======== MATERIAL TO PROCESS

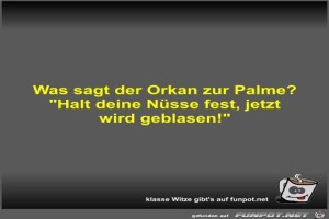 | Was sagt der Orkan zur Palme? Bild (22.65 KB) 7Lustiges → klasse Sprüche und Witze | Lustiges → klasse Sprüche und Witze | 30.03.21-08:20 | Fossy | |
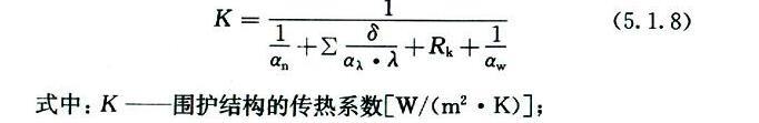 5.1.8 圍護(hù)結(jié)構(gòu)的傳熱系數(shù)應(yīng)按下式計算:
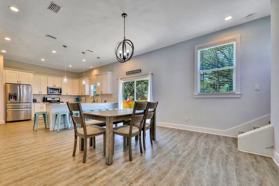 Step into this beach home boasting an open and spacious floor plan, high ceilings, and premium finishes throughout. This rental is located just a short walk from the ocean and the river and there is a dock right at the end of the street. The eat-in kitchen is stocked with all of the essentials for preparing small snacks or chef's meals! Let the kids play out back in the private, enclosed yard while catching a spectacular sunset! Guests of this rental will also have access to a boogie board and three adult bicycles. What's nearby: Located right between beach access location and the dock and boat launch to the river, there is no shortage of activities and fun to be found close by! Local favorite restaurants are within a quick drive including Aunt Kate's and The Reef, offering waterfront dining locations perfect for unwinding. Explore downtown St. Augustine's breweries, museums, and a multitude of additional dining options by taking a quick drive across the bridge. Things to know: Free WiFi Full kitchen with a dishwasher Central air conditioning Outdoor shower
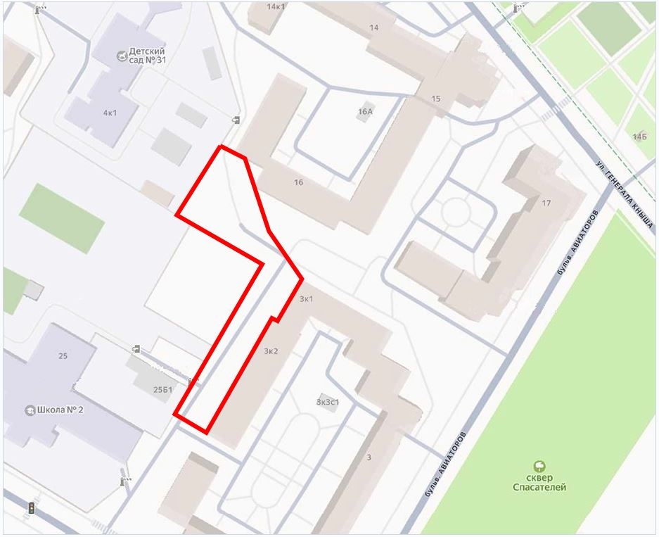 Разрабатывается проект благоустройства территории между домами №3 корп.1, №3 корп.2 на б-р Авиаторов, №16 на ул. Генерала Кныша, детским садом №31 и Гатчинской СОШ №2.
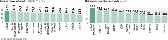 Najnowsza edycja pokazuje nowych liderów najwyższych skoków cen – po miesiącach nową najmocniej drożejącą kategorią jest nabiał, ale jeśli chodzi o produkty, to prowadzą te z papieru, jak ręczniki kuchenne czy papier toaletowy, droższe 50–60 proc. niż przed rokiem. Choć margaryna jest droższa o 50 proc. niż w styczniu 2022 r., to olej już tylko 8,2 proc.
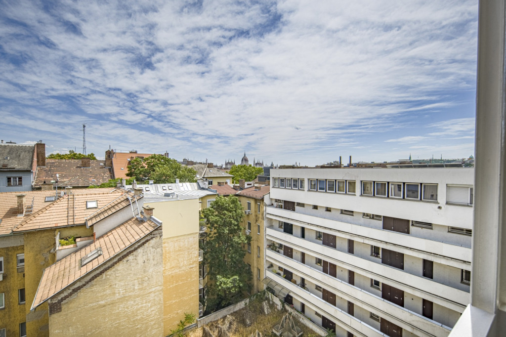 A II. kerületben, Viziváros szélén, a Dunától alig 3 percnyire eladó egy részben a Parlamentre és a Szabadság helyre panorámás, belsőépítész által áttervezett, nappali + 2 hálós, rendkívül világos, 76 m2-es, duplaerkélyes, legfelső, 6. emeleti lakás rendezett, zárt lépcsőházas, liftes társasházban, parkolási lehetőséggel.
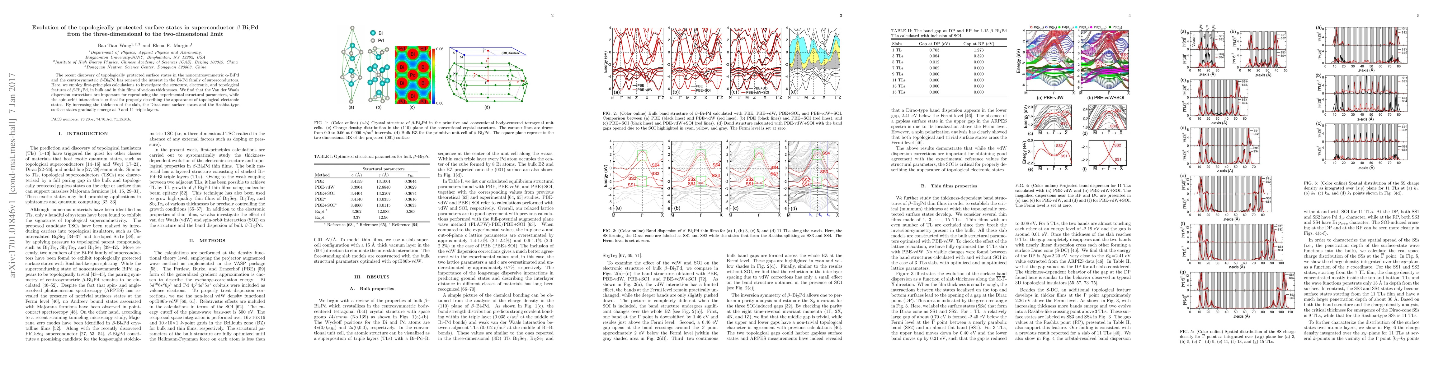 This paper investigates the topologically protected surface states in $\beta$-Bi$_{2}$Pd superconductors using first-principles calculations. It finds that Van der Waals corrections and spin-orbit interactions are crucial for accurate electronic structure and topological state emergence, with the Dirac-cone and Rashba-type surface states appearing in thin films at specific layer thicknesses.
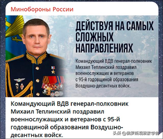 他进一步分析道,若特别军事行动进入收官阶段,俄军将主攻方向转向南部,并渡过第聂伯河展开攻势,那么捷普林斯基极有可能成为朱可夫、罗科索夫斯基、科涅夫式的 “国民将领”。

================

= TASK ITEM =
Pictures excluded, repeat exactly the lines from the top of the material through the line with "5.1.8 圍護(hù)結(jié)構(gòu)的傳熱系", including both of those lines.

= ANSWER BOX =
 | Was sagt der Orkan zur Palme? Bild (22.65 KB) 7Lustiges → klasse Sprüche und Witze | Lustiges → klasse Sprüche und Witze | 30.03.21-08:20 | Fossy | |
 5.1.8 圍護(hù)結(jié)構(gòu)的傳熱系數(shù)應(yīng)按下式計算:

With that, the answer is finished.